26 Aralık 2014 09:17

Kimin için mutluluk

Düşen bir çikolatanın kendilerinden daha kıymetli görüldüğünü söylediler. Bir çikolata düştüğünde neden düştüğü sorgulanırken, bir işçinin rahatsız olması, hastalanması gibi durumlar hoş karşılanmıyordu

Paylaş

Berdem Deniz ACAR
Hayrullah Kefoğlu 
Anadolu Lisesi
İstanbul

İşçilerin yanına giderken tüm ülkenin gündemine oturan bir olay olmasının doğal heyecanı vardı üzerimde. Elli gündür direnişte olduklarını düşününce orada büyük bir kalabalık olacağını sanıyordum. Ama gittiğimizde sadece sekiz kişi vardı. Sonraki konuşmalarımızdan da anladım ki sadece sekiz kişilerdi. Bu kadar kişinin grevde ellinci günü aşabilmesi şaşırttı beni doğrusu. Yanlarına slogan atarak gittiğimizde bizi hemen farkettiler. Bizi çok sıcak karşıladılar ve bize yaşadıklarını anlattılar. 
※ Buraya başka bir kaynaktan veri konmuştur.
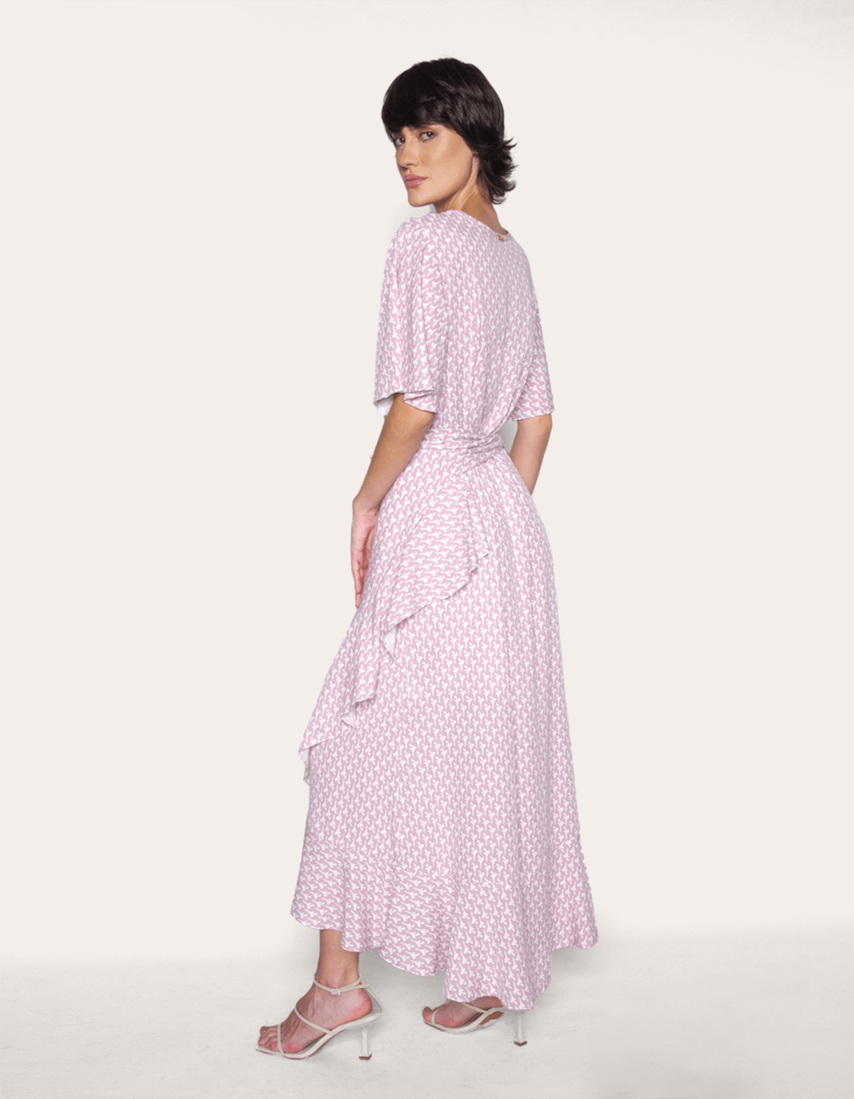 Vestido midi transpassado envelope estampado, possui faixa e manga curta godê e saia com babado. combine com rasteiras, flatforms ou mesmo um tênis. crie looks modernos e cheios de estilo para o dia a dia.
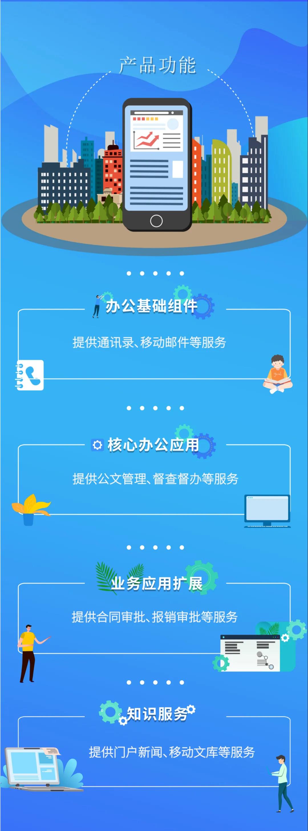 在公文、督辦、會議等核心辦公應用功能的基礎上,實現了即時通訊、移動郵件、文檔協作、視頻會議、知識服務等基礎辦公服務,為用戶提供豐富的移動業務應用功能。
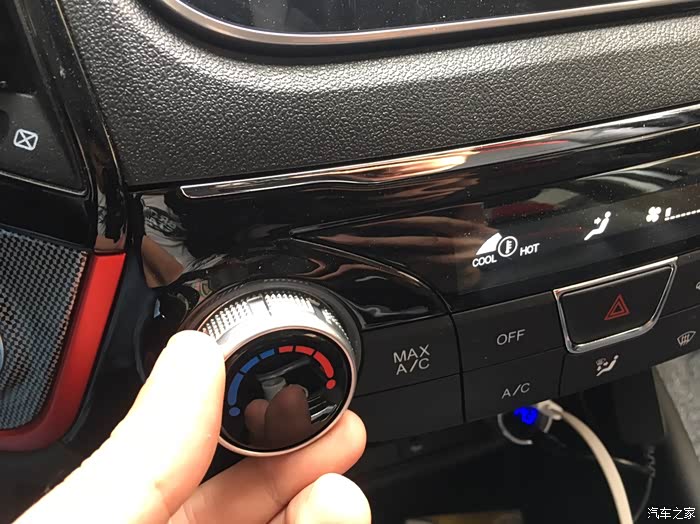 这个旋钮是控制出风温度的,往左是冷风,往右是暖风
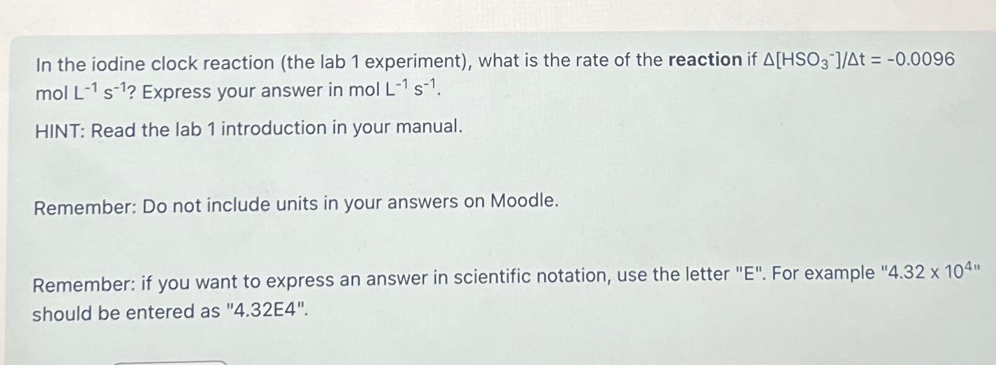 Solved In the iodine clock reaction (the lab 1 experiment),

Küçük bir çadırın altında sobanın etrafında toplanıp sohbet ettik. Çok ilginç bir ortam vardı doğrusu, farklı görüşlerden oluşan işçiler haklarını aramak için bir araya gelmişlerdi. Bize iş ortamlarını, çalışma saatlerini, isteklerini, o elli günde neler yaşadıklarını anlattılar.
Çikolata, soğukta üretildiği için çok soğuk bir ortamda çalışıyorlardı. Günde 8 saat çalışmaları gerekirken mesai yaparak 12 saat çalıştırılıyorlardı, 8 saati doldurduklarında çıkmalarına izin verilmiyordu ve bu 12 saatin dinlencesi 30 dakikalik bir molaydı. Makinelerin başından ayrılamıyorlardı çünkü makineler direk onların kontrolündeydi ve makineyi bıraktıkları anda bantta karışıklık oluyordu. 
Düşen bir çikolatanın kendilerinden daha kıymetli görüldüğünü söylediler. Bir çikolata düştüğünde neden düştüğü sorgulanırken, bir işçinin rahatsız olması, hastalanması gibi durumlar hoş karşılanmıyordu.

NE BİR EKSİK NE BİR FAZLA

Onlardan sonra 4 işçi daha DİSK/Gıda-İş’e geçmiş fakat işten atılmamışlar. Çünkü Ülker direnişin büyümesinden korkuyor. İşten atılan sekiz işçinin bile bu kadar uzun süre direneceğini düşünmüyorlarmış.
İşçiler şikayetçi, haklarını arıyorlar; bir çikolata kadar umursanmamaya, anayasal hakları olan sendika değiştirme haklarını kullandıkları için işten atılmaya, saatlerce o koşullarda çalışmaya artık katlanamıyorlar. İstedikleri haklarının tanınması, ne eksik ne fazla. Bizi o kadar sıcak karşıladıkları ve vakit ayırdıkları için teşekkürler. Ülker işçisi yalnız değildir!

ÖNCEKİ HABER

Yeni şeyler öğrenmek isteyen herkese...

SONRAKİ HABER

Polis, Gülen'ın başkanlığını yaptığı vakfı boşalttı

Sefer Selvi Karikatürleri
Evrensel Gazetesi Birinci Sayfa
Evrensel Ege Sayfaları
EVRENSEL EGE

Ege'den daha fazla haber, röportaj, mektup, analiz ve köşe yazısı...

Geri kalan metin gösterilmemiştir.